My point is that I figured out what I wanted to say by actually writing it out—what Fletcher terms “writing-as-discovery”—and I think that is an invaluable skill to teach our students. Whenever I tell my students to just get a general idea for a thesis and then forget about the introduction until the end, they look at me like I just told them I want to kill their pets. However, when they give it a try, they find they write much better papers. Sometimes it just takes someone pointing out the obvious to get a person moving in the right direction.   

Depth vs. Breadth and Peter Elbow

In his article “Embracing Contraries in the Teaching Process,” Peter Elbow discusses one of the many paradoxes of teaching: helping students learn verses upholding the standards of the discipline we teach.
In my own experience, I feel this paradox constantly. The time-old debate of depth vs. breadth is still a difficult one for me. I want them both. As a teacher who controls her own curriculum—which amounts to 75% of the English curriculum in the high school—it’s a debate I don’t take lightly. I struggle with it constantly.
On the one hand, I feel like the depth approach is the way to go—making sure all students have tackled and grasped certain skills/content before moving on just seems like common sense best practice.
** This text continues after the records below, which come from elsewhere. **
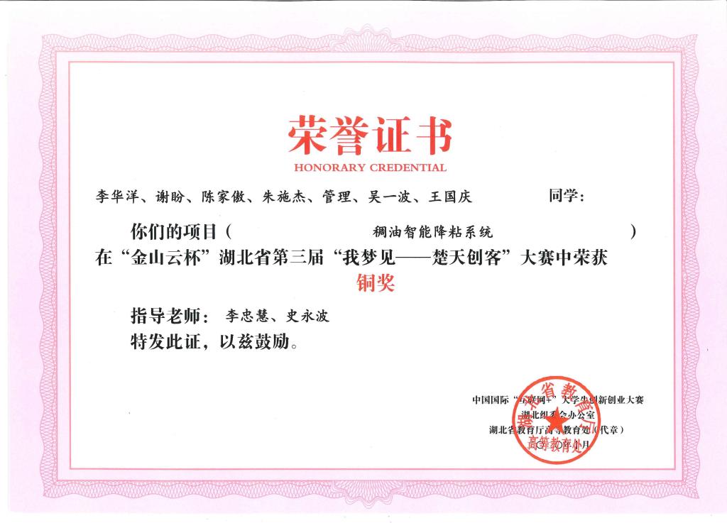 “金山云杯”第三届湖北省“我梦见—楚天创客”大赛-铜奖---稠油智能降粘系统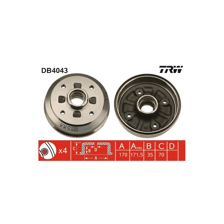 This Brake Drum OE Ref D001 26 251B is crafted to the highest standards, providing an OEM-quality replacement for Part Number DA0126251. Manufactured by TRW, it is rigorously tested to ensure optimal performance and longevity. Available for just £75.00, it includes Reference Number DB4043 and EAN EAN: 3322937075232 for easy identification.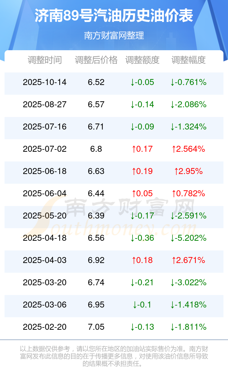 济南89号汽油10月21日的价格为10月14日调整后的价格,具体为6.52元/升,相对上次调整减了0.05元。
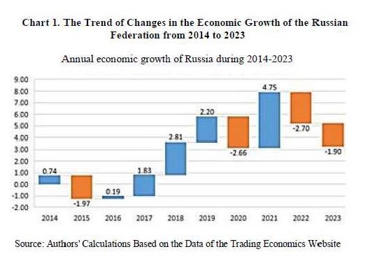 As depicted in Chart 1, Russia's gross domestic product (GDP), which had exhibited a positive growth trend with a rate of 4.75% in 2021, sharply declined to -2.7% following the commencement of the military operation in Ukraine in 2022. In the first three months of 2023, after a 2.7% contraction in the previous period, Russia's GDP continued to decline by 9.1% compared to the same period last year, primarily due to the sustained pressure from Western sanctions on the Russian economy. This resulted in a GDP growth rate of -9.1%. Previous forecasts by the Ministry of Economy of Russia had predicted a 2.2% decline in GDP for the first quarter, while the Central Bank of Russia projected a 3.2% decrease.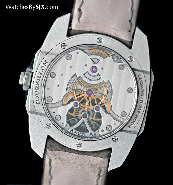 Les Akrivia plus compliquées introduites l' année dernière, le Tourbillon Chiming Jump Hour est un remontage manuel saut montre d' une heure avec un tourbillon, ainsi qu'un mécanisme de sonnerie pour un seul carillon au début de chaque heure. L'affaire est en acier inoxydable, 43 mm de diamètre et chunkily en forme. Bien que le cas est pas celui qui fera appel à ceux qui , comme un style traditionnel, il est bien fini, avec des biseaux polis qui sont destinés à évoquer le mouvement anglage .

But on the other hand, there is SO MUCH content and SO MUCH my students don’t know, that I feel like I’m doing them a disservice if I don’t try to cover as much as possible. Of course, I know that realistically there’s no way I can cover everything. However, in the face of such an overwhelming amount of content, it’s very difficult to not give into the “breadth impulse”.
When Elbow wrote that “our commitment to knowledge and society asks us to be guardians or bouncers: we must discriminate, evaluate, test, grade, certify” (2), he was referring (I think) to college instruction, though I feel the same sense of responsibility as a high school instructor.
Read differently, from the perspective of a high school teacher, I think that we must be discriminate about what we actually teach, how we evaluate, what we test, how we grade, and how we certify. As high school English teachers, we are not cranking out future English majors, but we are sending out future English communicators into the world and we have to think about the fact that for many of our students, high school is the last time they will receive any explicit instruction in how to communicate, whether through reading, listening, speaking, or writing. So our instruction has to be good. It has to be thorough. It has to have depth and breadth. Otherwise, our students will be have to spend too much of their time and energy floundering on their own, trying to navigate their way through making themselves understood. (Granted, we all have to do a little of that anyway, but you get my point.)
I really like Elbow’s article because he makes the case for alternating between both approaches, which I think is essential to not only achieve balance in our teaching, but also to achieve some clarity of mind when faced with the often daunting task of teaching.